Provided data -

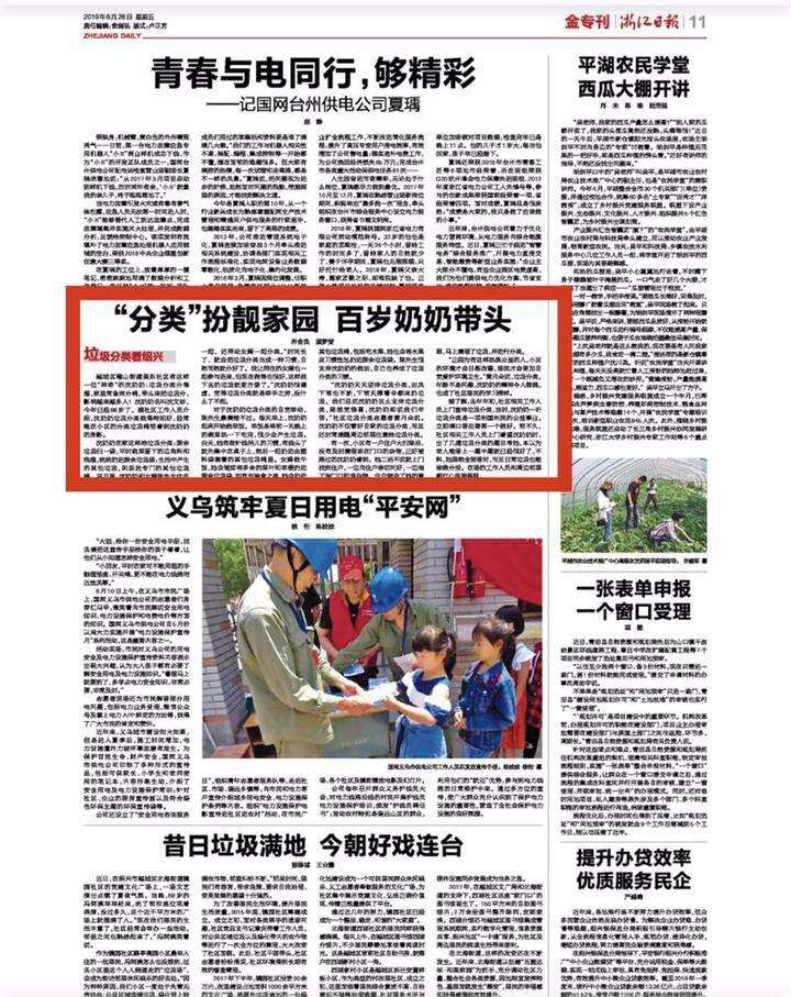 “正因为有这样热衷公益的人,小区的环境才会日渐改善,居民才会更加自觉爱护环境卫生。”黄月朵说,垃圾分类,年龄不是问题,沈奶奶的精神令人敬佩,也成了社区居民的学习榜样。
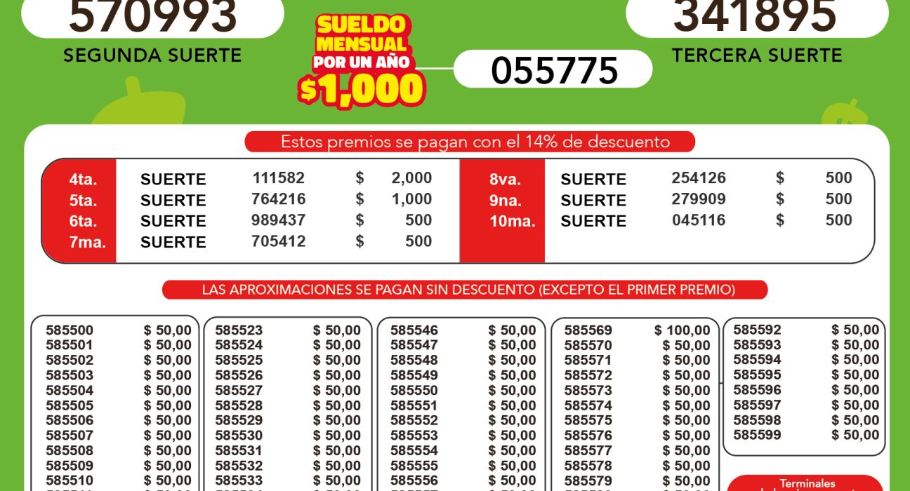 Además, el sorteo contempla cuarta a décima suerte, así como terminaciones y aproximaciones, que se pagan de acuerdo con la normativa vigente de Lotería Nacional.
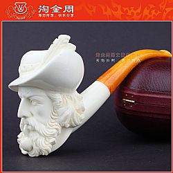 海泡石(meerschaum) 德语“海泡沫”的意思,传说是由海浪头的白沫凝成.海泡石是一种珍贵的多孔矿物,主要成分为含水硅酸镁(magnesium silica),是自然界中最具渗透性的物质之一,由数百万年前,海中微生物的躯壳沉积洋底,石化而成。海泡石是一种极轻质,吸收性极佳的特殊天然材料。最优质、最适合用于烟斗制作的海泡石原料,产自土耳其伊斯坦布尔东南约200英里,名为eskisehir的小村庄附近。工人深入地底约400英尺采挖,过程艰辛。经历多重 筛选、去杂工序,并由熟练工匠精心雕琢,方成就做工精致细巧的精品烟斗和烟嘴。
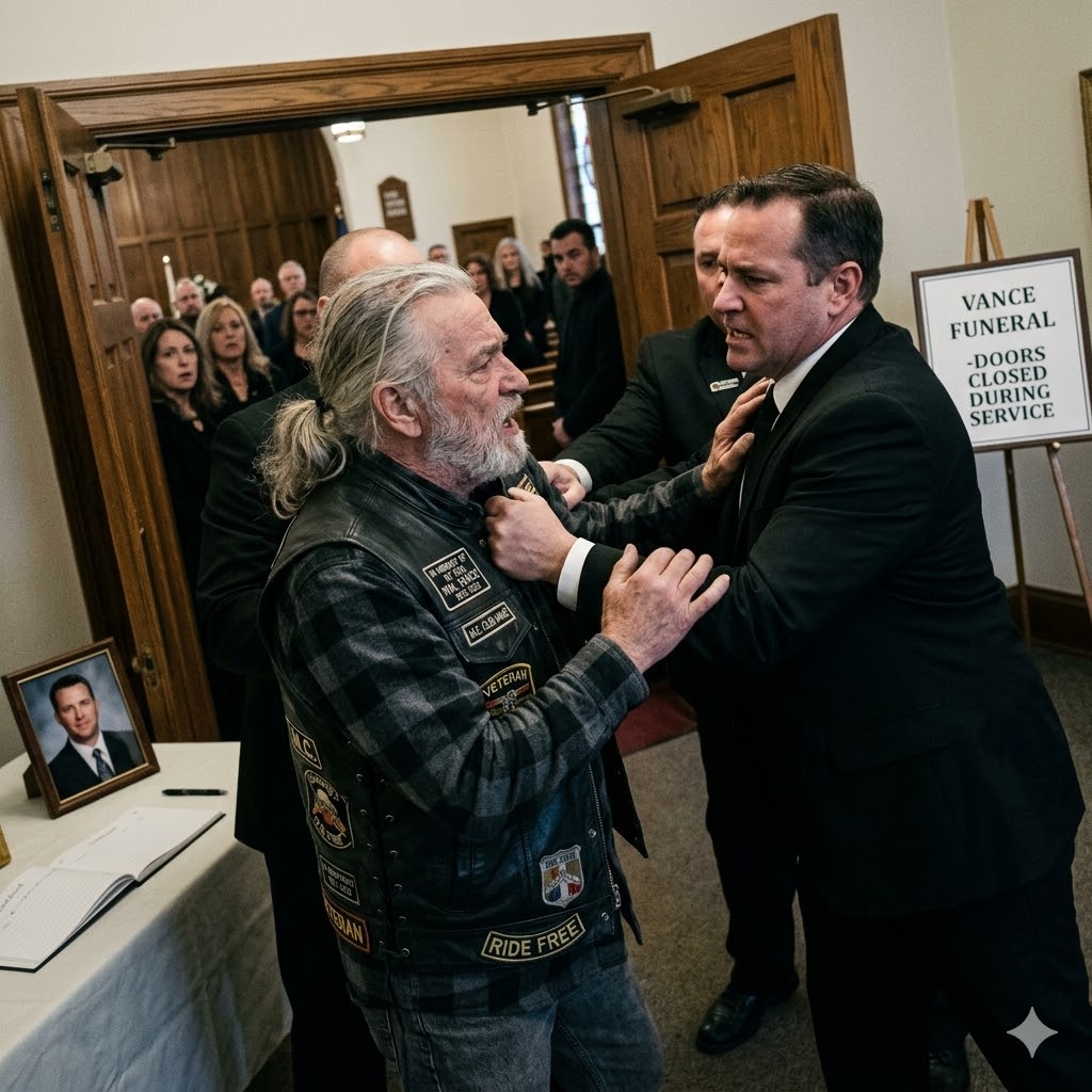 The funeral director grabbed my 73-year-old grandfather by his leather vest and tried to physically drag him out of the church, screaming that “biker trash” wasn’t welcome at a respectable service.

Task instructions - Restate word for word the lines from the one with "海泡石(meerschaum" to the end of the material, both included. Do not include the pictures.

Written response -
 海泡石(meerschaum) 德语“海泡沫”的意思,传说是由海浪头的白沫凝成.海泡石是一种珍贵的多孔矿物,主要成分为含水硅酸镁(magnesium silica),是自然界中最具渗透性的物质之一,由数百万年前,海中微生物的躯壳沉积洋底,石化而成。海泡石是一种极轻质,吸收性极佳的特殊天然材料。最优质、最适合用于烟斗制作的海泡石原料,产自土耳其伊斯坦布尔东南约200英里,名为eskisehir的小村庄附近。工人深入地底约400英尺采挖,过程艰辛。经历多重 筛选、去杂工序,并由熟练工匠精心雕琢,方成就做工精致细巧的精品烟斗和烟嘴。
 The funeral director grabbed my 73-year-old grandfather by his leather vest and tried to physically drag him out of the church, screaming that “biker trash” wasn’t welcome at a respectable service.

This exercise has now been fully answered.